Among variable-size unpacked arrays, we have three main types:

  • Dynamic arrays: Allocate memory sequentially, element by element.
  • Queues: Similar to dynamic arrays, but with a push-back mechanism, where elements are added at the end.
  • Associative arrays: Use keys for memory allocation, making them more flexible, but less predictable in terms of memory layout.

Structs vs. Unions

Lastly, let’s not forget about structs and unions. These two aggregate types are often confused, but they work quite differently:

  • Structs: Store each member side by side in memory, with each member having its own space.
  • Unions: All members share the same memory location, meaning only one member can be accessed at a time. Assigning to one member overwrites the others.

Breaking It Down: How PlanV Tackled Basic Randomization for Aggregate Data Types in Verilator

Now, let’s dive into how PlanV helped bring basic randomization support for aggregate data types in Verilator. To understand how it all works, let’s first look at what Verilator currently does.
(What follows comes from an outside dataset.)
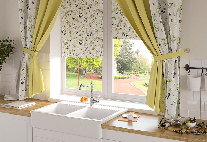 Как мы уже писали выше, ткань играет далеко не последнюю роль в оформлении интерьера. Потому, выбирая шторы для кухни, обязательно обратите внимание на состав материала. Нынче в моде как натуральные, так и смесовые ткани. Натуральные варианты, такие как лён, хлопок бамбук ценятся ха экологичность, гипоаллергенность и «дышащий» эффект. Они не только приятны на ощупь, а и выглядят благородно, добавляя интерьеру ощущение тепла и уюта. Тем не менее кухня – это особое пространство, где практичность выходит на первый план. Поэтому многие хозяйки предпочитают синтетические или смесовые занавески, ведь за ними проще ухаживать, поскольку они меньше мнутся, не впитывают запахи, быстро сохнут после стирки и дольше сохраняют форму. А если вдруг шторки испортились, то их не жалко выбросить и заменить на новые.
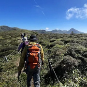 5/16。九重連山の久住山を目指します。JR西大分駅、JR別府駅、別府港が集合場所です。

It’s important to introduce two key concepts in Verilator’s workflow: the verilate phase and the simulate phase. The verilate phase is when Verilator translates RTL code into an AST tree, optimizes it (in verilator/src folder), and generates C++ code. In the simulate phase, this generated C++ code, with support from Verilator’s built-in functions (in verilator/include folder), runs to produce simulation results.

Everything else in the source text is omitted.